When I was at school I played several sports to a county standard and at the age of 18 I was awarded a scholarship to the USA. Unfortunately, before taking up my scholarship, I suffered an injury that prevented me from moving to the States. Whilst the injury would not have affected me reaching my potential from a physical point of view, mentally it was a devastating blow. I suffered depression, anxiety and begun to self-harm as a result. I lost all confidence in myself and found socialising increasingly difficult. I went along to various self-help groups and counselling sessions, but they weren’t really for me.
I desperately wanted to play sport again, but I didn’t have the confidence to go along to a sports club… I mean, how could I with all the scars on my arms and legs? What would people think of me? When I found out about a sports group for people with mental health problems I was so excited – I could play sport without people looking at me and judging me because of my scars. Although I was excited about the idea of playing sport again I was still really scared about going along… I mean, the idea of meeting new people was terrifying.

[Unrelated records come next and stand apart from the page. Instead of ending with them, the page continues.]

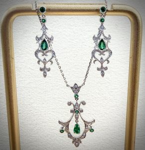 This stunning in-stock set features lush emeralds and glittering diamonds in the most delicate 18KW setting. Earrings priced amazingly at $2,800 and necklace lovingly priced at $3,200, or $6,000
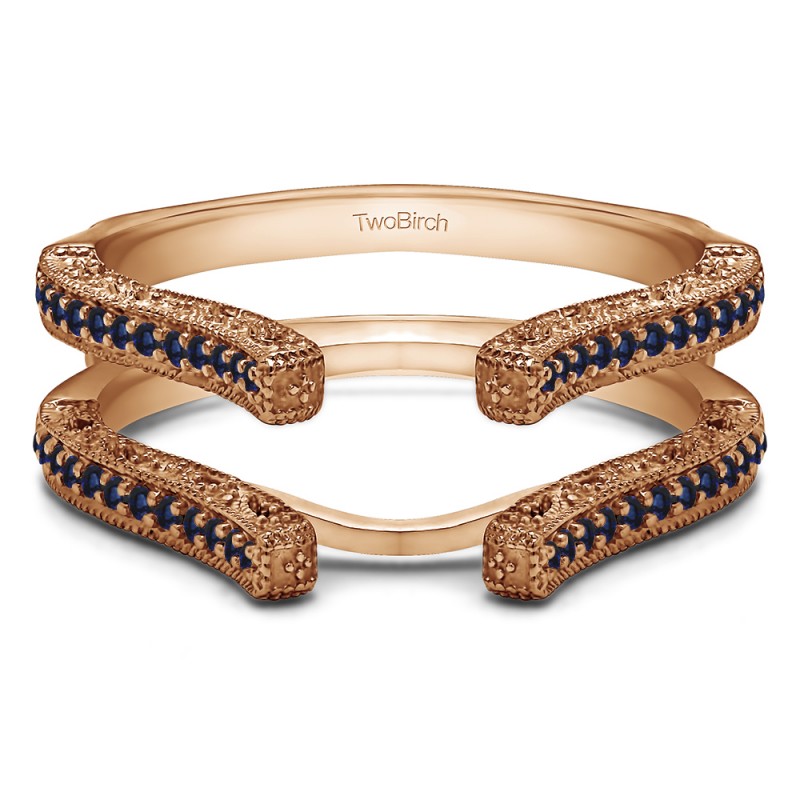 This wedding ring guard has 48 round, prong set stones. Each band measures 2.04 millimeters wide. This ring guard has 0.36 carats total weight. It is made to fit a round solitaire from 0.25 carats to 1.5, or a princess or marquise cut solitaire from 0.5 up to 1.5 carats.
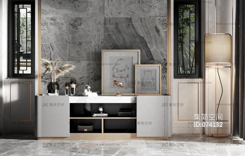 15现代轻奢电视柜边柜落地灯花瓶摆件 3d模型下载 [模型ID:74132]
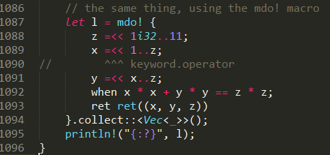 forward_ref_binopwhich containstype Output = <$t as $imp<$u>>::Output;there is a more precise way to deal with this and it fixes other macro syntax highlighting such as in mdo (although it uses a custom operator so all bets are off)

For nearly a month I planned to go along to a session, but the anxiety always got the better of me. Eventually I pushed myself to go, taking a friend along for support. Everything went superbly! Okay, I didn’t talk to anyone at that first session, but I made it along which in itself was fantastic achievement. Over the next couple of months I attended as many sessions as I could, often with my friend, but sometimes on my own. I even started talking to people! To most people that might not seem like a massive deal, but to me it was a huge step in my recovery. I attended regular sessions for over a year, stopped self-harming, built up enough confidence to join a mainstream hockey team and even managed to find myself a full-time job.
Being given the opportunity to play sport when I was mentally unwell provided me with the chance to feel ‘normal’ again and gave me the motivation to get up in the mornings. Sport has always been my passion, but until I joined Sport in Mind I had never really considered that sport could be used in such a positive way to help people affected by mental illness. Thank you to everyone for their support.